Exposures  Socioeconomic status was based on the family income to poverty ratio and participants were divided into the following 3 groups: high income (family income to poverty ratio, ≥4), middle income (>1 and <4), or at or below the federal poverty level (≤1).

Main Outcomes and Measures  We assessed predicted absolute cardiovascular risk using the pooled cohort equation. We assessed the following 4 risk factors: systolic blood pressure, smoking status, diabetes, and total cholesterol.

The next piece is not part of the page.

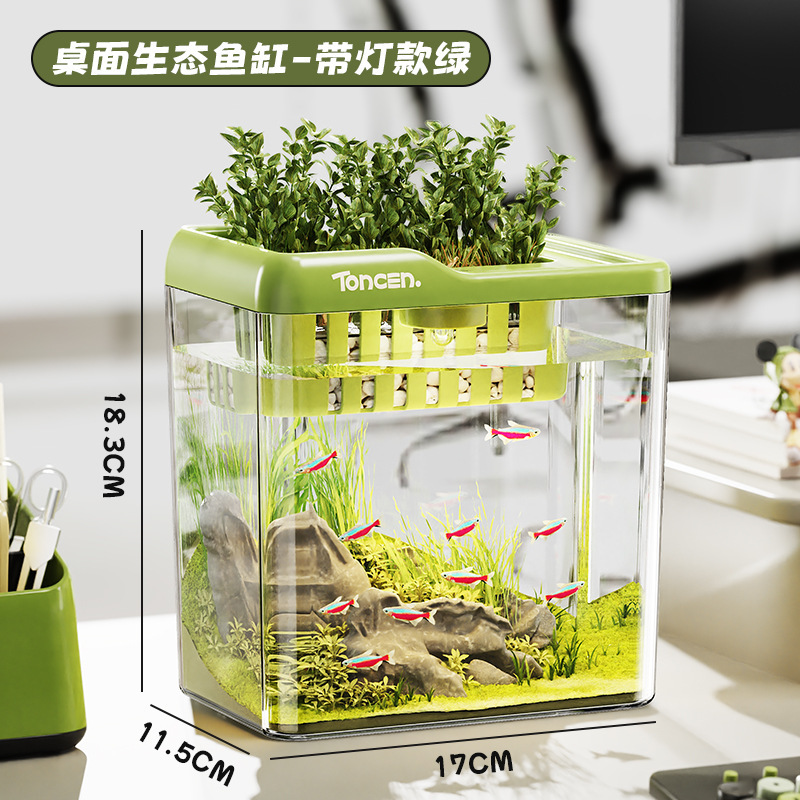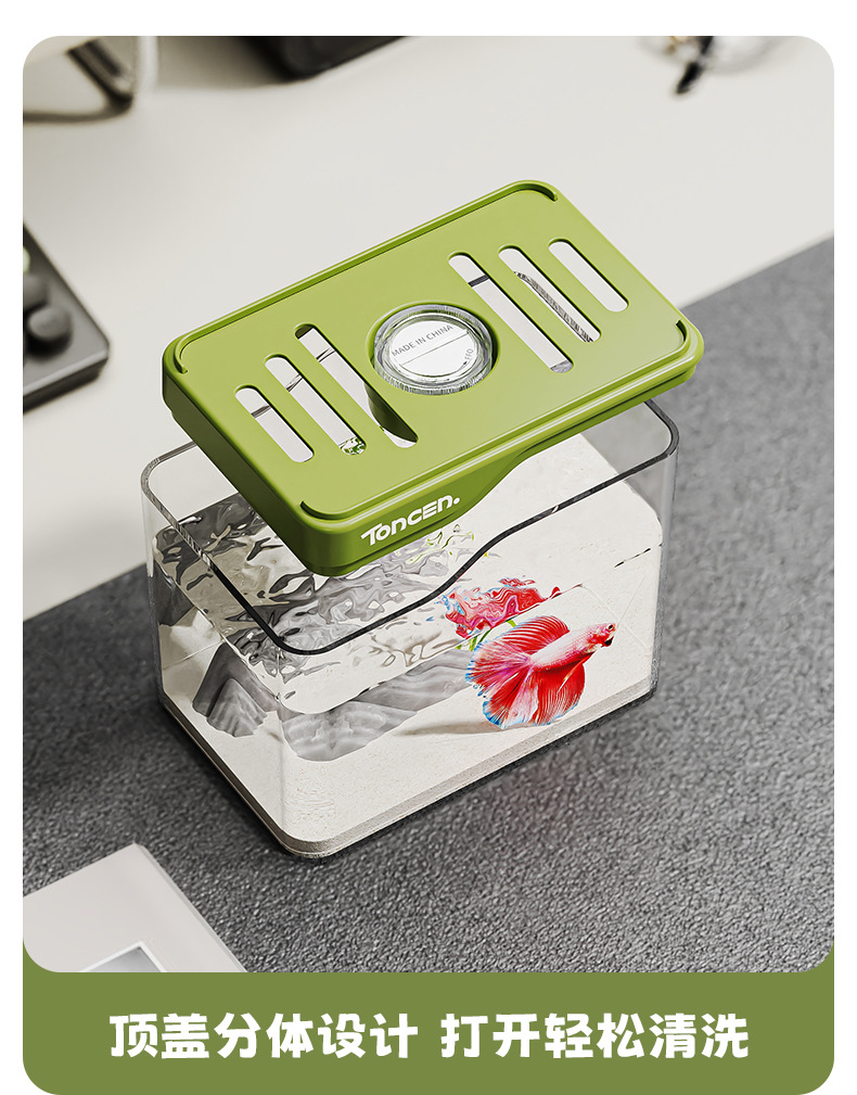 가볍고 뚜껑이 떨어지는 플라스틱 금붕어 탱크 거실 데스크탑 홈 오피스 모조 유리 생선 탱크로 투명한 미니 어항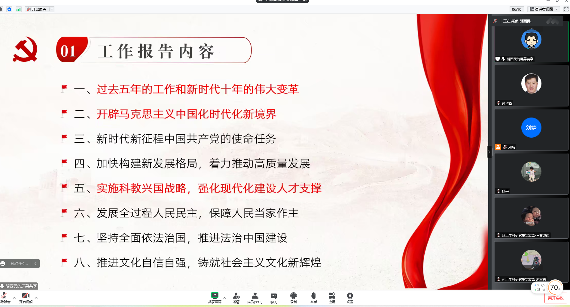 党委于11月15日上午10点举行学习贯彻党的二十大精神报告会。全院三百余名党员、预备党员、入党积极分子线上收看了报告会直播。

Results  Of the 17 199 adults whose data were included in the study (8828 women and 8371 men; mean age, 54.4 years), from 1999-2014, trends in the percentage of adults with predicted absolute cardiovascular risk of 20% or more, mean systolic blood pressure, and the percentage of current smokers varied by income strata (P ≤ .02 for interaction). For adults with incomes at or below the federal poverty level, there was little evidence of a change in any of these outcomes across survey years (cardiovascular risk ≥20%, 14.9% [95% CI, 12.9%-16.8%] in 1999-2004; 16.5% [95% CI, 13.7%-19.2%] in 2011-2014; P = .41; mean systolic blood pressure, 127.6 [95% CI, 126.1-129.0] mm Hg in 1999-2004; 126.8 [95% CI, 125.2-128.5] mm Hg in 2011-2014; P = .44; and smoking, 36.5% [95% CI, 32.1%-41.0%] in 1999-2004; 36.0% [95% CI, 31.1%-40.8%] in 2011-2014; P = .87). For adults in the high-income stratum, these variables decreased across survey years (cardiovascular risk ≥20%, 12.0% [95% CI, 10.7%-13.3%] in 1999-2004; 9.5% [95% CI, 8.2%-10.7%] in 2011-2014; P = .003; systolic blood pressure, 126.0 [95% CI, 125.0-126.9] mm Hg in 1999-2004; 122.3 [95% CI, 121.3-123.3] mm Hg in 2011-2014; P < .001; and smoking, 14.1% [95% CI, 12.0%-16.2%] in 1999-2004; 8.8% [95% CI, 6.6%-11.0%] in 2011-2014; P = .001). Trends in the percentage of adults with diabetes and the mean total cholesterol level did not vary by income.

Conclusions and Relevance  Adults in each socioeconomic stratum have not benefited equally from efforts to control cardiovascular risk factors.